# [Collected material]
=-=-=

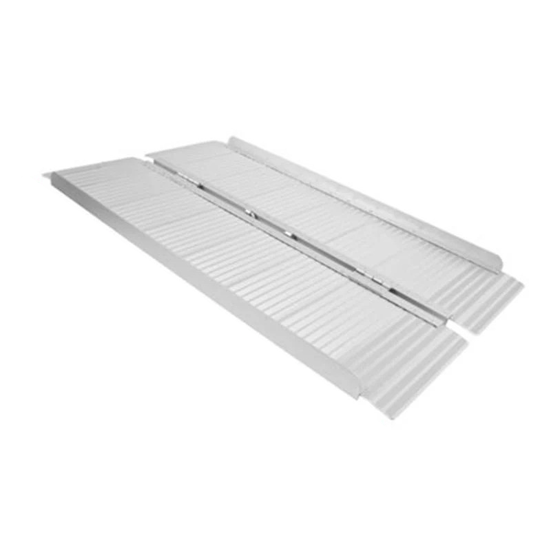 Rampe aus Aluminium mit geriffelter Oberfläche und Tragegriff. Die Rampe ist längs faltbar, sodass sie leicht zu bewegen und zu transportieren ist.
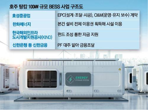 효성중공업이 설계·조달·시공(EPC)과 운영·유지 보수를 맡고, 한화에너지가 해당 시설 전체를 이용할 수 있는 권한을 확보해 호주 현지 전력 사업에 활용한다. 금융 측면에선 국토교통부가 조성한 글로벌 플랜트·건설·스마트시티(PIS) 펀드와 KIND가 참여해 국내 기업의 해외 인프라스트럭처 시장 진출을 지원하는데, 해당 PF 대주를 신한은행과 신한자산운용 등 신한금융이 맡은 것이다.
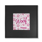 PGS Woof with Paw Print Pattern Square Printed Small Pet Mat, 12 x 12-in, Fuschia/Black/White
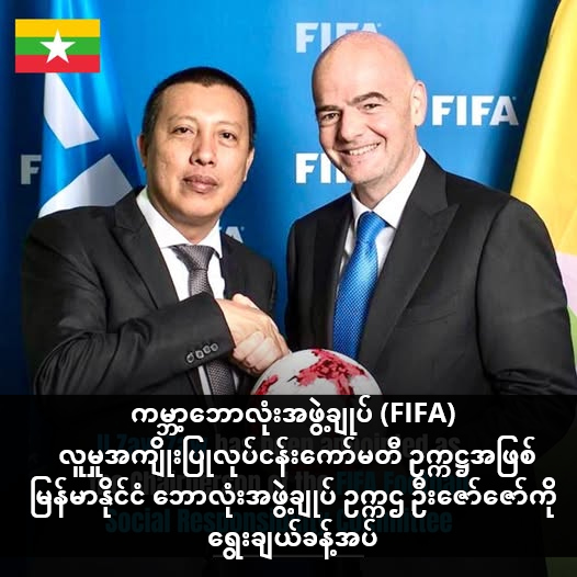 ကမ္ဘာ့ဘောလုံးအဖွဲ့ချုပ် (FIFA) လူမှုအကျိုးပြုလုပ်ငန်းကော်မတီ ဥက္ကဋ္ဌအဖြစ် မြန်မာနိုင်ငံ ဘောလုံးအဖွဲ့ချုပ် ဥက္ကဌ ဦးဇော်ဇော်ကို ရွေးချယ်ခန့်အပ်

=-=-=

# [What is being asked]
Everything from the line that contains "효성중공업이 설계·조달·시공(EPC)과 운영·유지" through the final line of the material should be returned exactly, except the pictures.

# [Result of the task]
 효성중공업이 설계·조달·시공(EPC)과 운영·유지 보수를 맡고, 한화에너지가 해당 시설 전체를 이용할 수 있는 권한을 확보해 호주 현지 전력 사업에 활용한다. 금융 측면에선 국토교통부가 조성한 글로벌 플랜트·건설·스마트시티(PIS) 펀드와 KIND가 참여해 국내 기업의 해외 인프라스트럭처 시장 진출을 지원하는데, 해당 PF 대주를 신한은행과 신한자산운용 등 신한금융이 맡은 것이다.
 PGS Woof with Paw Print Pattern Square Printed Small Pet Mat, 12 x 12-in, Fuschia/Black/White
 ကမ္ဘာ့ဘောလုံးအဖွဲ့ချုပ် (FIFA) လူမှုအကျိုးပြုလုပ်ငန်းကော်မတီ ဥက္ကဋ္ဌအဖြစ် မြန်မာနိုင်ငံ ဘောလုံးအဖွဲ့ချုပ် ဥက္ကဌ ဦးဇော်ဇော်ကို ရွေးချယ်ခန့်အပ်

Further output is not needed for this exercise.